Only a signal

Various plans existed for the demonstrative use of a nuclear weapon against Soviet targets to signal that the United States, or NATO, was prepared to use the weapons. The Germans did not wish for the demonstration to take place on German soil. And several of the allies, led by the Canadians, were anxious the Soviets would not understand that the use of nuclear weapons was only a signal, and feared that
such a use would touch off a nuclear holocaust.

By attempting to use NATO as a component of American strategy … the United States had opened up the one question NATO had studiously sought to avoid: How—and why—would NATO go to war?

NATO military plans, since their earliest incarnation, rested on the premise of defense against a Soviet attack. Now, however, the Americans‘ plans considered using military force not in defense but as „gambits in a psychological contest against the enemy.“ Military force, though couched in the language of last resort by the Americans, did not mean a last resort before Western Europe was overrun by Soviet armor but the last resort to keep open access to Berlin.
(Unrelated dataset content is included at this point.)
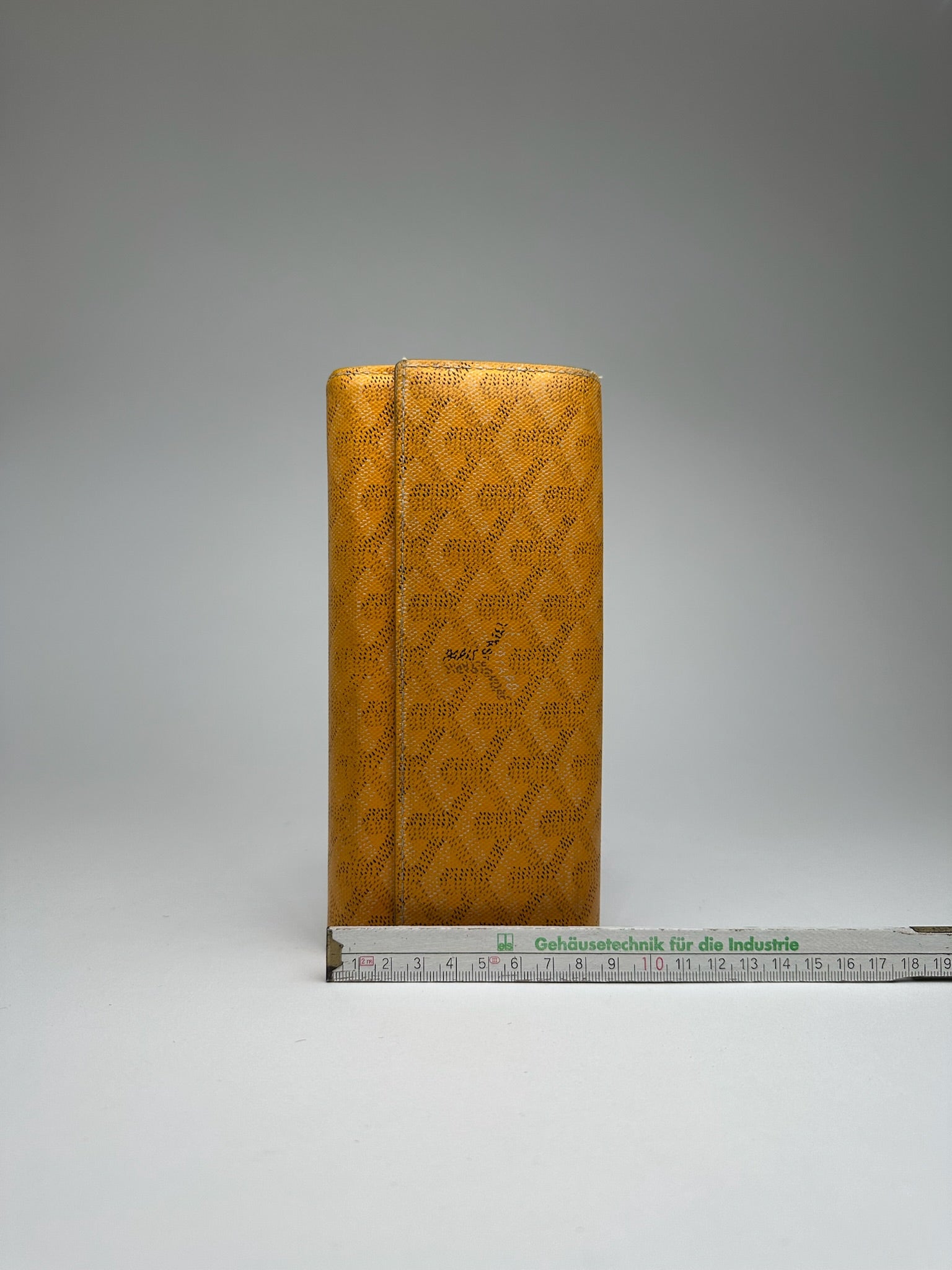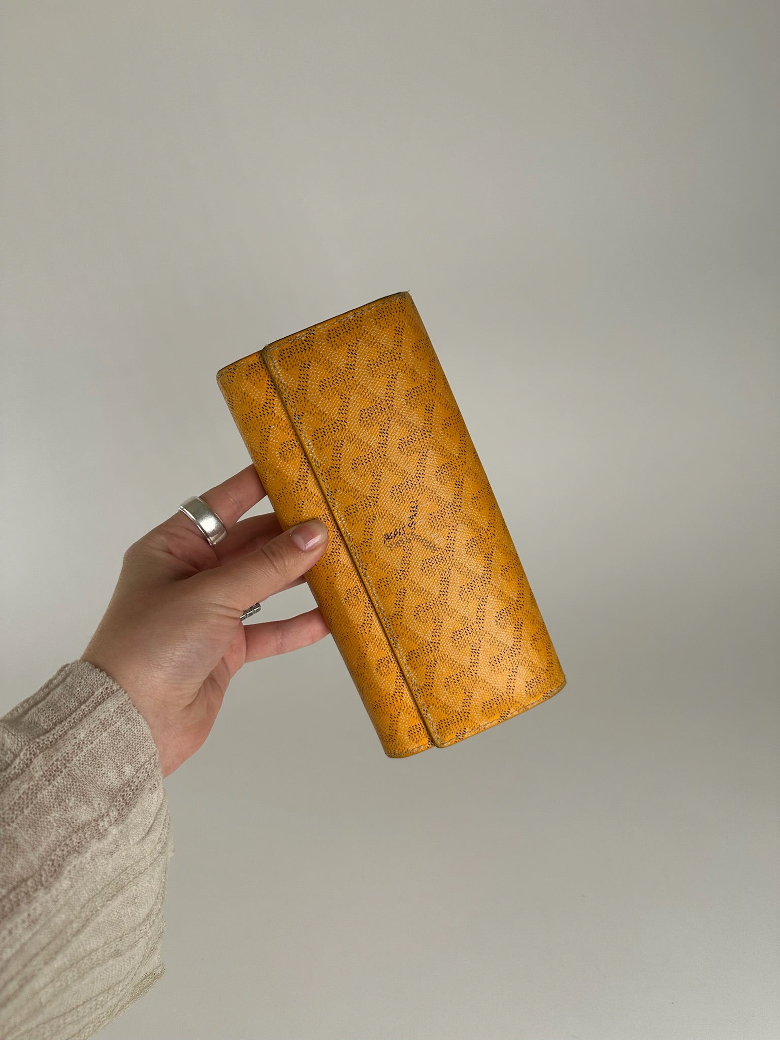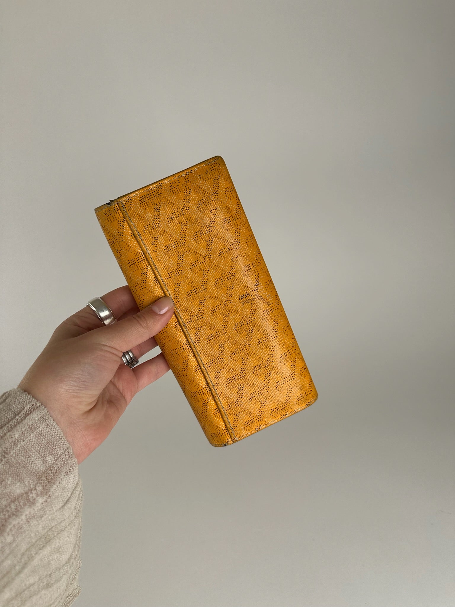 GOYARD Vintage Monogram Wallet. This chic wallet is finely crafted of mango-colored Goyard monogram leather. The wallet features a snap button closure and a zip compartment inside. The flap opens to an interior lined in plain mango-colored leather.

These plans made interpreting article 5 of the North Atlantic Treaty—especially the definition of an „armed attack“ on an ally—more difficult. „When,“ Stikker asked, „does it cease to be an attack and instead the consequence of a miscalculation on the part of some individual country, a miscalculation for which the other members cannot be held responsible?“

—Timothy A. Sayle, Enduring Alliance, (Ithaca, NY: Cornell University Press, 2019), 96.